Work to complete:
For this exercise, output the entries below exactly from the line that holds "- Nicht ermäßigte" to the line that holds "Un diseño dinámico", both ends included. No pictures belong in the copy.

(Beginning of Task inputs)

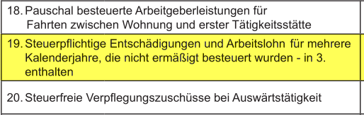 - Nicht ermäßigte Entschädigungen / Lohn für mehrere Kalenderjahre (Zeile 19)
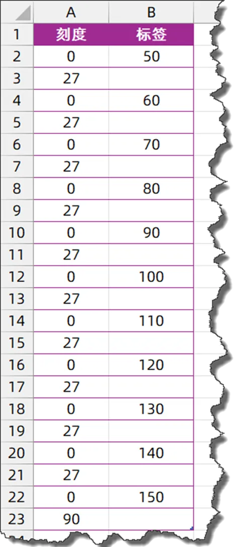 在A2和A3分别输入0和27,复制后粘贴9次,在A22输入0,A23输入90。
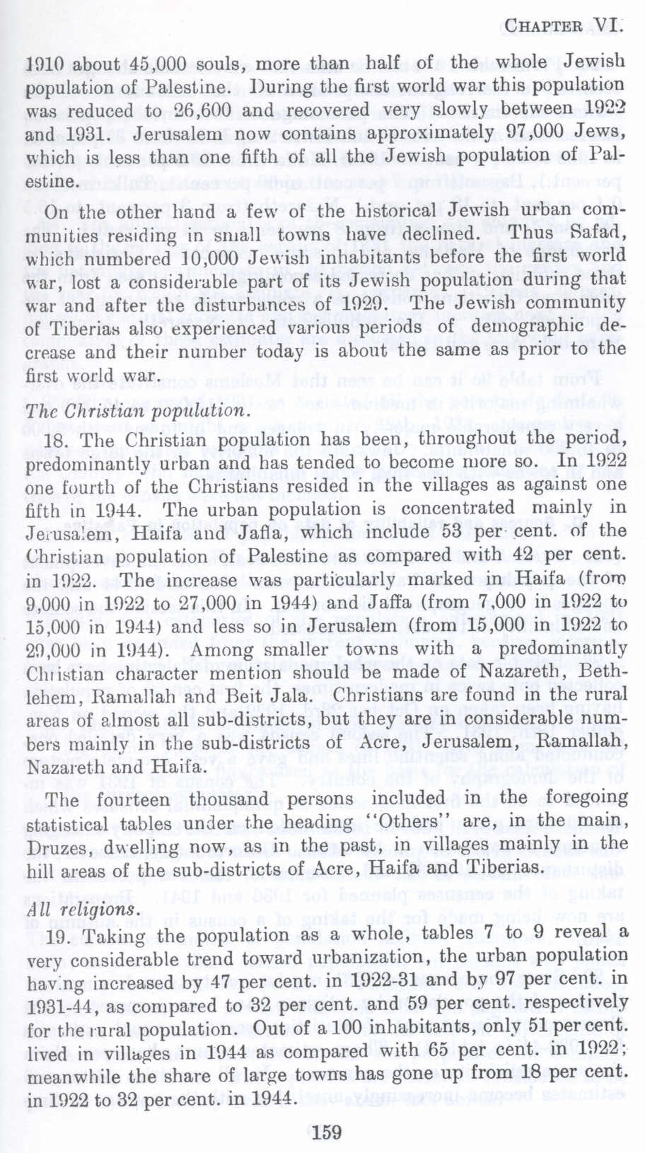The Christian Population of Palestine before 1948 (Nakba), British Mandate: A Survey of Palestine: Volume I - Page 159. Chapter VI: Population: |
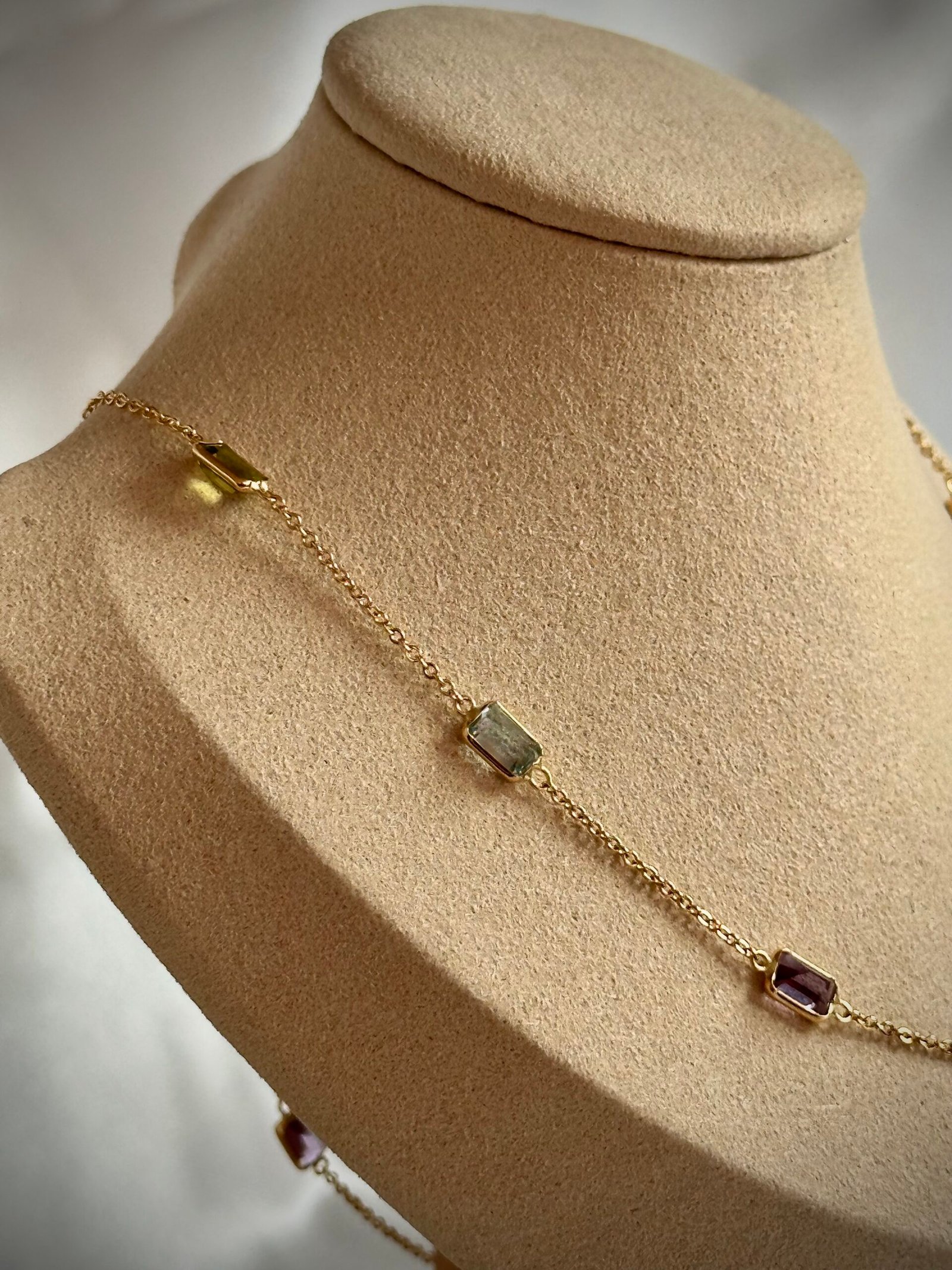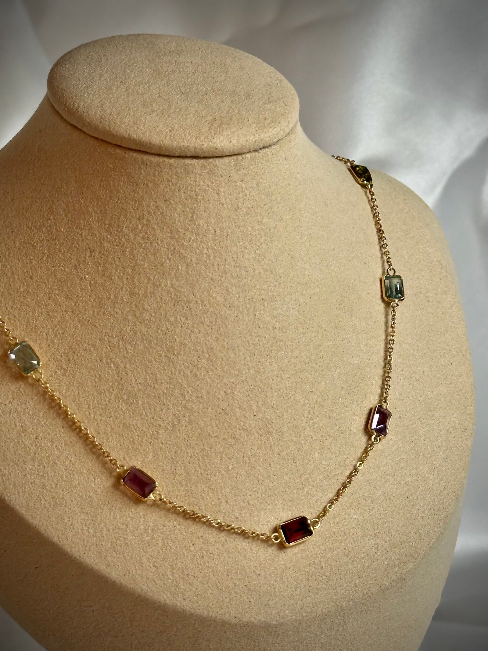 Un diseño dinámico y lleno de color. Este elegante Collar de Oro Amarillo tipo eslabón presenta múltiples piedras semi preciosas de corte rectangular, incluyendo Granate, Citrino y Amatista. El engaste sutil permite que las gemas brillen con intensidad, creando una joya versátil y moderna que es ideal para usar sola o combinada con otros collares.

(End of Task inputs)
(Beginning of Task inputs)

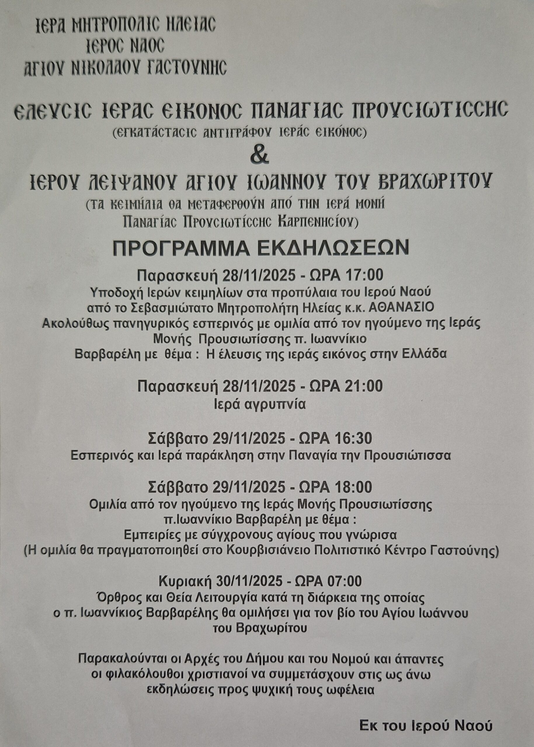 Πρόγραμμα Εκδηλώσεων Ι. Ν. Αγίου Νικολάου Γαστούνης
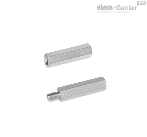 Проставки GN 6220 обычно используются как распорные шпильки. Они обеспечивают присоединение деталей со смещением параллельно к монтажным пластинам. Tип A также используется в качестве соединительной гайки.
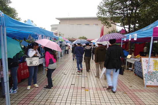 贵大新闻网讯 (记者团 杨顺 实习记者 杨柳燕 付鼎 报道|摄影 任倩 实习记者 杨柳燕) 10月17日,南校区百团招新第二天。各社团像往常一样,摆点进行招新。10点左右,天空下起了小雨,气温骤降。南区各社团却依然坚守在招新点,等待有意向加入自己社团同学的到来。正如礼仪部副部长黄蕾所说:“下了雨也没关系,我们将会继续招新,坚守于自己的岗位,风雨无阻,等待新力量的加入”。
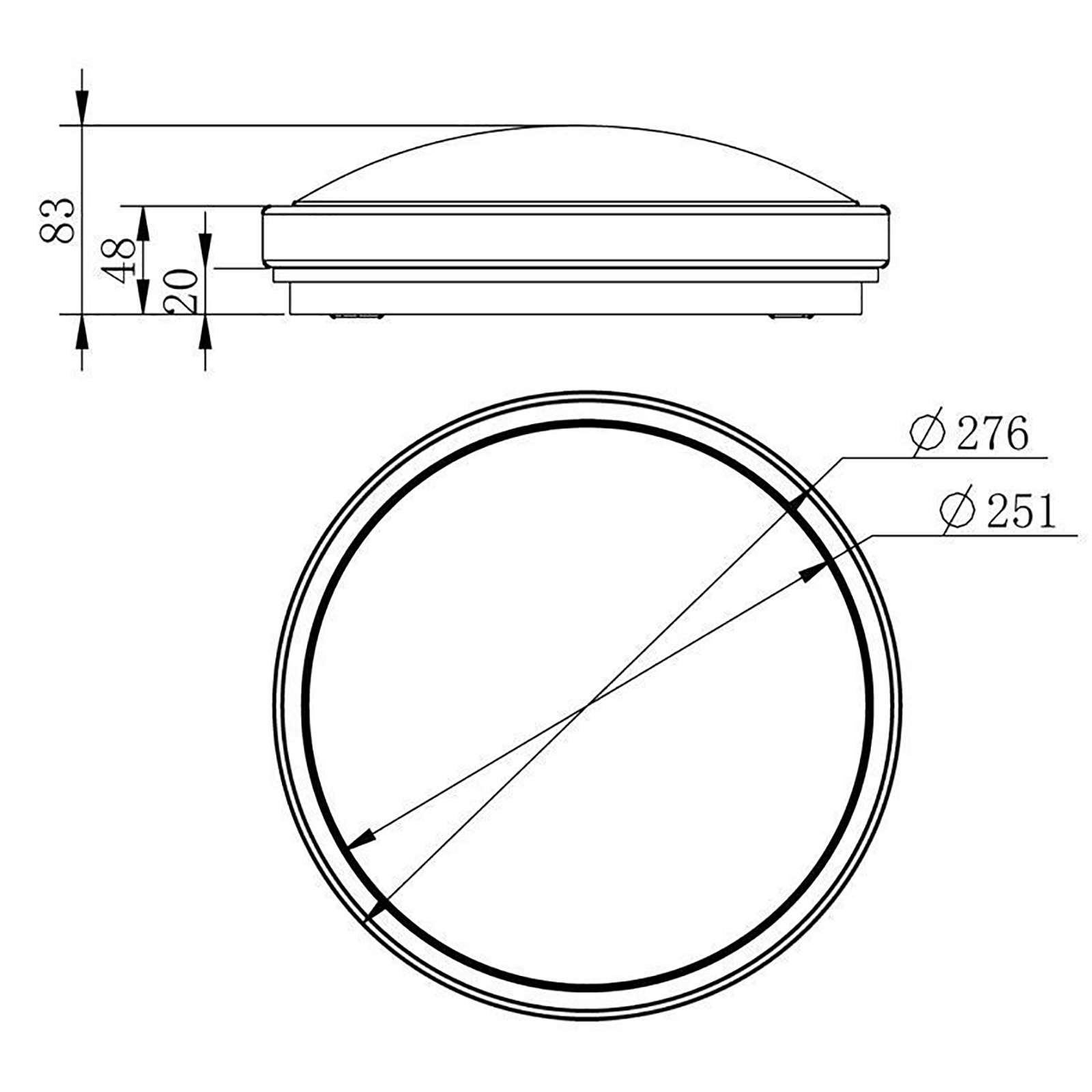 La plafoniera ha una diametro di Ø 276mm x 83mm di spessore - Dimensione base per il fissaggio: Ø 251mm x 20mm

(End of Task inputs)

Task response:
 - Nicht ermäßigte Entschädigungen / Lohn für mehrere Kalenderjahre (Zeile 19)
 在A2和A3分别输入0和27,复制后粘贴9次,在A22输入0,A23输入90。
The Christian Population of Palestine before 1948 (Nakba), British Mandate: A Survey of Palestine: Volume I - Page 159. Chapter VI: Population: |
 Un diseño dinámico y lleno de color. Este elegante Collar de Oro Amarillo tipo eslabón presenta múltiples piedras semi preciosas de corte rectangular, incluyendo Granate, Citrino y Amatista. El engaste sutil permite que las gemas brillen con intensidad, creando una joya versátil y moderna que es ideal para usar sola o combinada con otros collares.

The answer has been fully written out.